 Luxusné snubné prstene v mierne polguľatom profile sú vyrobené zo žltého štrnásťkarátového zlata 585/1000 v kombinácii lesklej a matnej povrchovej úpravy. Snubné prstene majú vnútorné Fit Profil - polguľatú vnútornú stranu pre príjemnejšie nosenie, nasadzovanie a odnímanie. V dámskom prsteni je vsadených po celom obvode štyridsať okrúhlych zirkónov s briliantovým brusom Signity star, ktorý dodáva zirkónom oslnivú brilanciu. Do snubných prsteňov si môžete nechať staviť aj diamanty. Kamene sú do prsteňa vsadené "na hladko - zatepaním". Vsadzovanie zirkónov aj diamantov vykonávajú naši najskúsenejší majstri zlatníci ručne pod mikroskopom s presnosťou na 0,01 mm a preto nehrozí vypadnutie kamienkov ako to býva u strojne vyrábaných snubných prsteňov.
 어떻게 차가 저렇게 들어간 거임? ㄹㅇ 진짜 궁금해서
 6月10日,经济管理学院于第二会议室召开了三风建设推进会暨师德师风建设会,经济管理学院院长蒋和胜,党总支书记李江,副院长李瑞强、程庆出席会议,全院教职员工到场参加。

_____

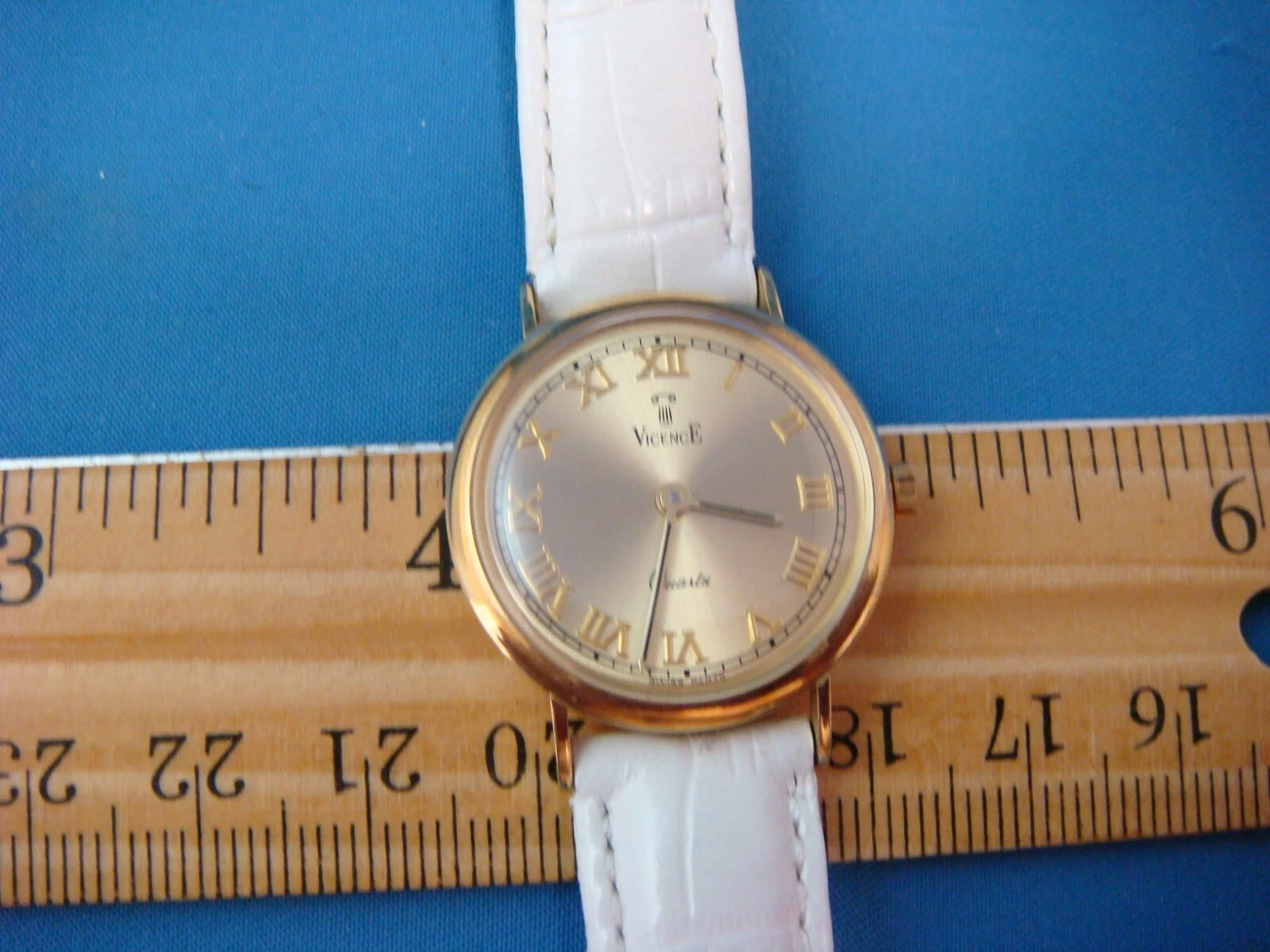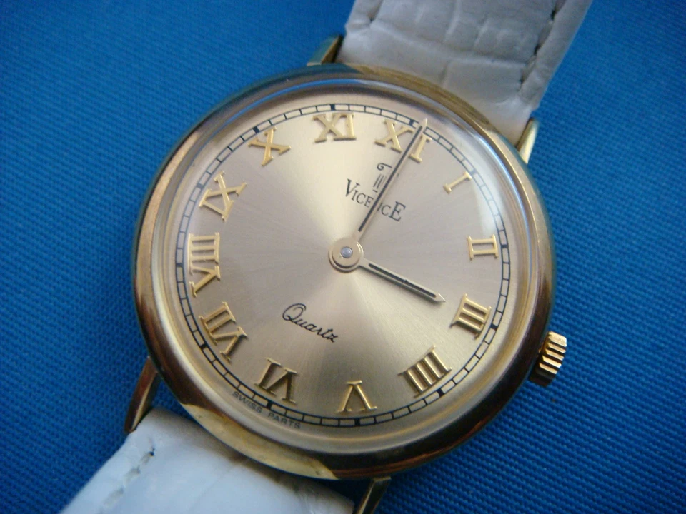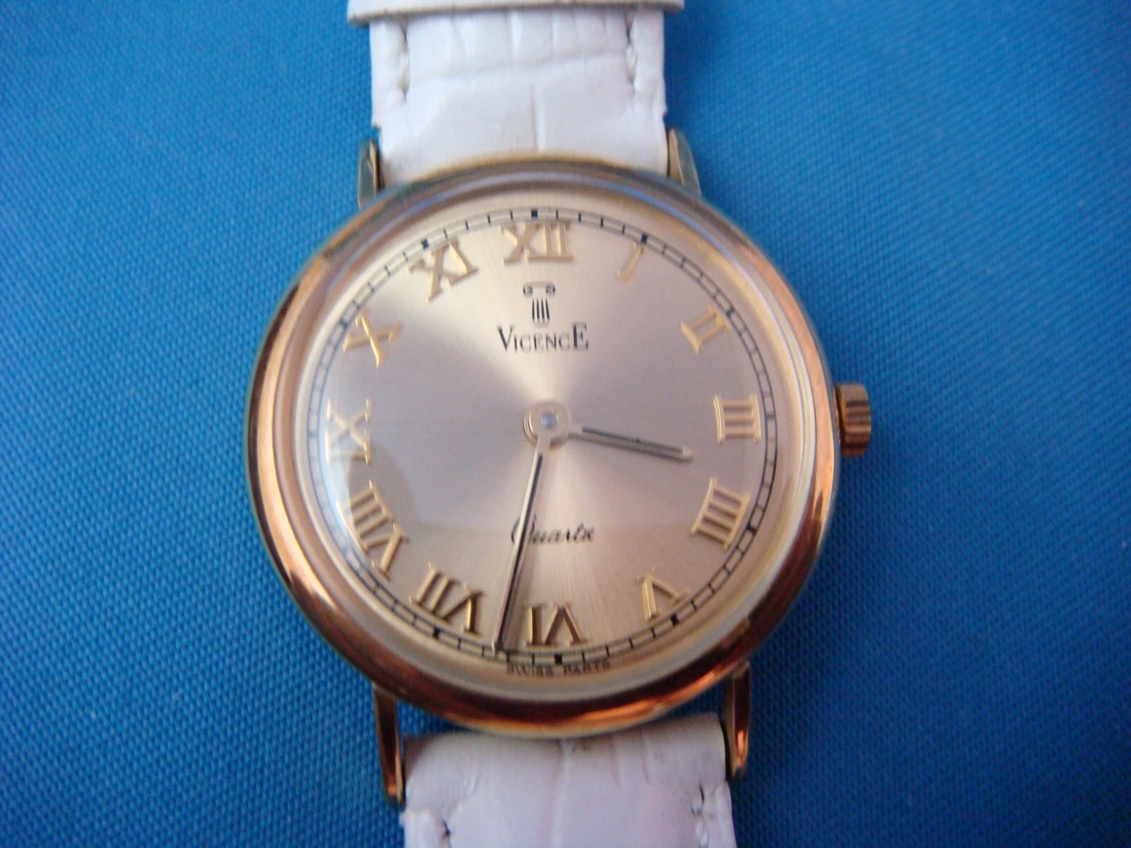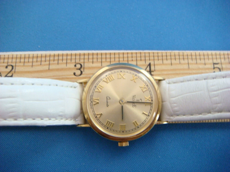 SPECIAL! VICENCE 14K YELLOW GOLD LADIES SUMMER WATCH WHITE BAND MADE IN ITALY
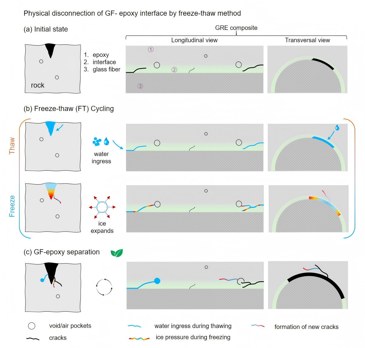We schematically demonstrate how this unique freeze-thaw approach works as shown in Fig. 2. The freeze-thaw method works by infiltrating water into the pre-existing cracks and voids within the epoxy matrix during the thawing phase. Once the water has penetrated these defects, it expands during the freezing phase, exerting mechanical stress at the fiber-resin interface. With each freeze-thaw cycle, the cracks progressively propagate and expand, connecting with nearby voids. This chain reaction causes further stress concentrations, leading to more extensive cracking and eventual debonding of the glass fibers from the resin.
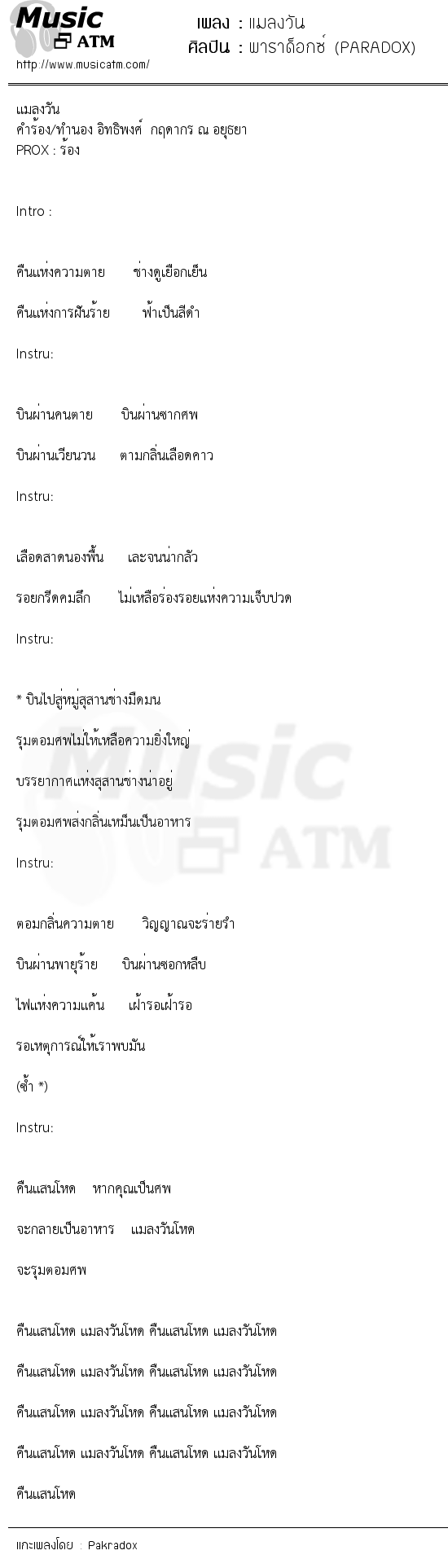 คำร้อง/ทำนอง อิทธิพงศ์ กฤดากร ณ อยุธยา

_____

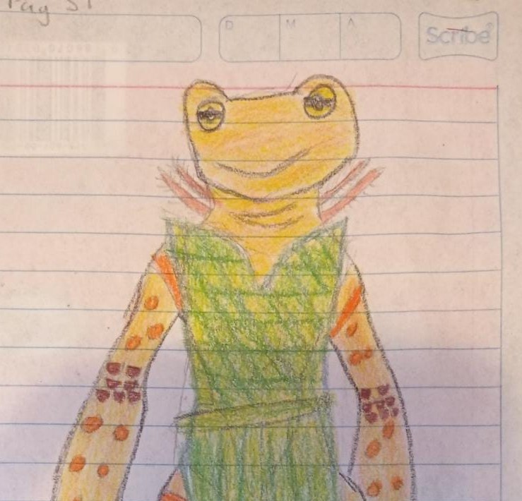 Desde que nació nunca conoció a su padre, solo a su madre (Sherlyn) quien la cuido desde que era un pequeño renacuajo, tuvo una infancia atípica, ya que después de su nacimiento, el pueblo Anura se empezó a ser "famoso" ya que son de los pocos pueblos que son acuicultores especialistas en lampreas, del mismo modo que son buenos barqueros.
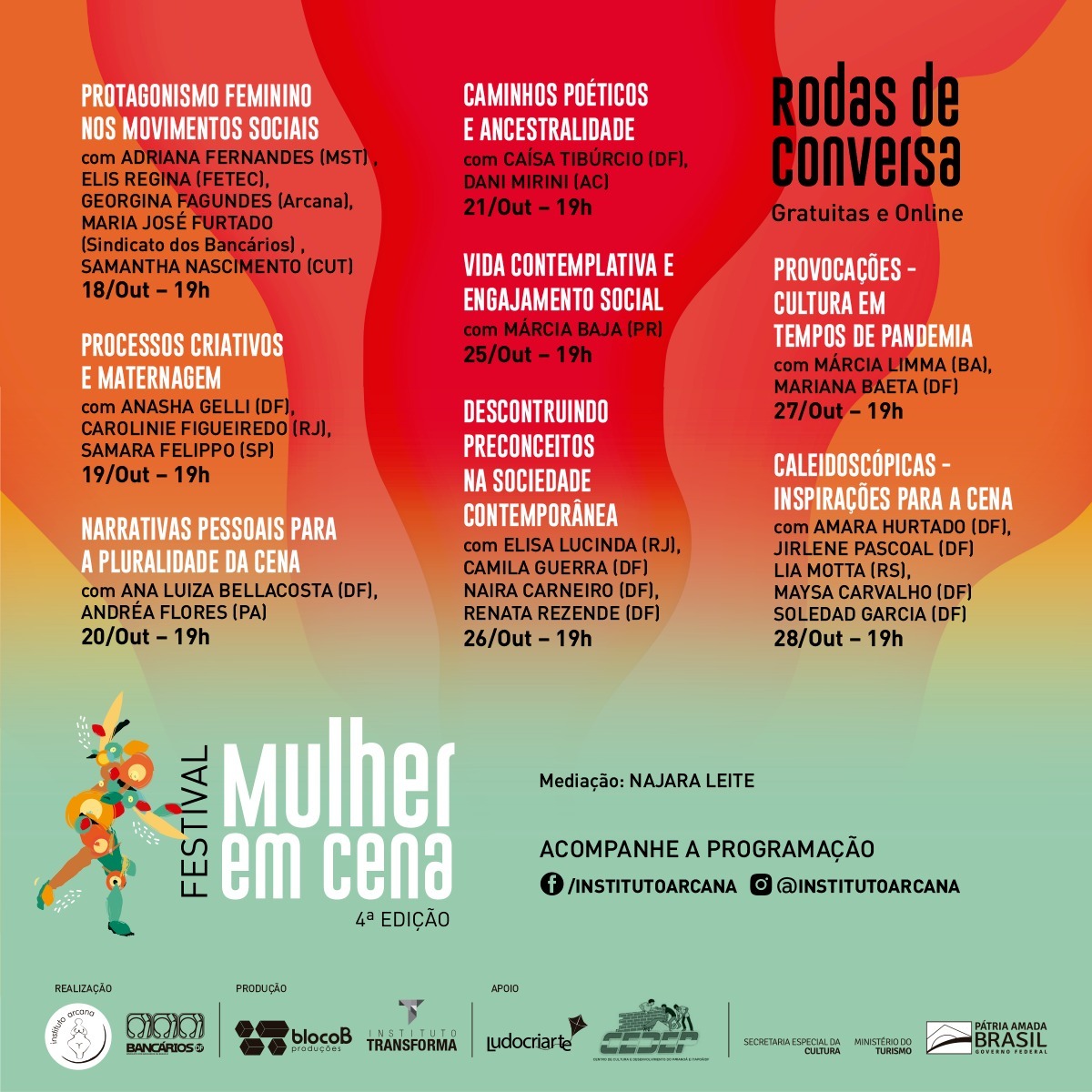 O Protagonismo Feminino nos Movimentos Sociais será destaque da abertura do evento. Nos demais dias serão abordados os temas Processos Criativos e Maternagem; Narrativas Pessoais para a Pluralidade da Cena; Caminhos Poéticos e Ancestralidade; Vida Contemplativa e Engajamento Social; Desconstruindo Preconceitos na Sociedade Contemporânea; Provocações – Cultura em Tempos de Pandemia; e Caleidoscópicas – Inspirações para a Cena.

_____

As listed above, the lines from the line with "Luxusné snubné prstene" to the line with "6月10日,经济管理学院于第" are to be echoed exactly, with both ends included and nothing added.

 Luxusné snubné prstene v mierne polguľatom profile sú vyrobené zo žltého štrnásťkarátového zlata 585/1000 v kombinácii lesklej a matnej povrchovej úpravy. Snubné prstene majú vnútorné Fit Profil - polguľatú vnútornú stranu pre príjemnejšie nosenie, nasadzovanie a odnímanie. V dámskom prsteni je vsadených po celom obvode štyridsať okrúhlych zirkónov s briliantovým brusom Signity star, ktorý dodáva zirkónom oslnivú brilanciu. Do snubných prsteňov si môžete nechať staviť aj diamanty. Kamene sú do prsteňa vsadené "na hladko - zatepaním". Vsadzovanie zirkónov aj diamantov vykonávajú naši najskúsenejší majstri zlatníci ručne pod mikroskopom s presnosťou na 0,01 mm a preto nehrozí vypadnutie kamienkov ako to býva u strojne vyrábaných snubných prsteňov.
 어떻게 차가 저렇게 들어간 거임? ㄹㅇ 진짜 궁금해서
 6月10日,经济管理学院于第二会议室召开了三风建设推进会暨师德师风建设会,经济管理学院院长蒋和胜,党总支书记李江,副院长李瑞强、程庆出席会议,全院教职员工到场参加。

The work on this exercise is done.